– Впрочем, – сказал он, – мне все равно, кто ты – гебист или журналист. В любом случае приятно поговорить с человеком, приехавшим оттуда.

– Если не хочешь брать телефон, давай его обратно.

Он ничего не ответил, но бумажку с телефоном поглубже упрятал в карман. Лена забрала чашки со стола и понесла их на кухню. Когда дверь захлопнулась, Переслени сказал:

– Как-то я был у приятеля на парти[34]. Мы переписывали кассеты, пили чай… Девчонок не было.
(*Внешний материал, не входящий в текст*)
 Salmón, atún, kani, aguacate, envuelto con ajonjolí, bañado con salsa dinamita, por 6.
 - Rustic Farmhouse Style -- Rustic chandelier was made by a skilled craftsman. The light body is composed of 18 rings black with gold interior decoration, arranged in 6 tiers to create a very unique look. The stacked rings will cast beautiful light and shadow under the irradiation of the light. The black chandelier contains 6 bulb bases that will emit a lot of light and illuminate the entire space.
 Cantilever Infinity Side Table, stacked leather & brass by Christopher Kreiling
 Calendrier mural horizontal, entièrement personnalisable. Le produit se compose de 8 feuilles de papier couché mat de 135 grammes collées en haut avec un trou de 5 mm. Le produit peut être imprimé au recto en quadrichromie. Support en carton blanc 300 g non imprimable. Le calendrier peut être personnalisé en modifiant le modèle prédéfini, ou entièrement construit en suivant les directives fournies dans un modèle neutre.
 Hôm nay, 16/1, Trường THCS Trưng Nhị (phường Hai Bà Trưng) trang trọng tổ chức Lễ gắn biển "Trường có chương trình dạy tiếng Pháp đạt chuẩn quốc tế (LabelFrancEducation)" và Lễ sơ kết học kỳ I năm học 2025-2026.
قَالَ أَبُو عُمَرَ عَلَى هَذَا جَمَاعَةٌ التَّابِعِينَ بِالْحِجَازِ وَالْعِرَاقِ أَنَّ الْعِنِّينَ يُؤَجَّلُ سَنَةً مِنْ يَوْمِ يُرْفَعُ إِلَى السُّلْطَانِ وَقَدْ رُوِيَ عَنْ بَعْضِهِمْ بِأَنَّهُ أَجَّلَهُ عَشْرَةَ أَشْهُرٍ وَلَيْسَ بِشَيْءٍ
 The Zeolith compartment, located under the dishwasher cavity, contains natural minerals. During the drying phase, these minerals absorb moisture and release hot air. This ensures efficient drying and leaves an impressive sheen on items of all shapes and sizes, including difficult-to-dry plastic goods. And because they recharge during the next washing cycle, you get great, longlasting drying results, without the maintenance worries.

Я говорю: «Без женщин нельзя!» – «Давай, – отвечает он, – позвоним моей подружке, пригласим ее и попросим взять с собой какую-нибудь симпатичную девчонку. Идет?» Я обрадовался. Словом, скоро появляется его Ирина с приятельницей. Бог мой – что за Ирина! Мы знакомимся с ней, а я чувствую, что уже по уши ин лав[35]… Понимаешь, я впервые полюбил по-настоящему красивую женщину. Роскошная коса на спине, большие глаза, чистый лоб, алые губы… Я медленно, но верно сходил с ума. А потом мы гуляли с ней по свежему снегу вдоль Москвы-реки. Я волновался, жутко хотел курить.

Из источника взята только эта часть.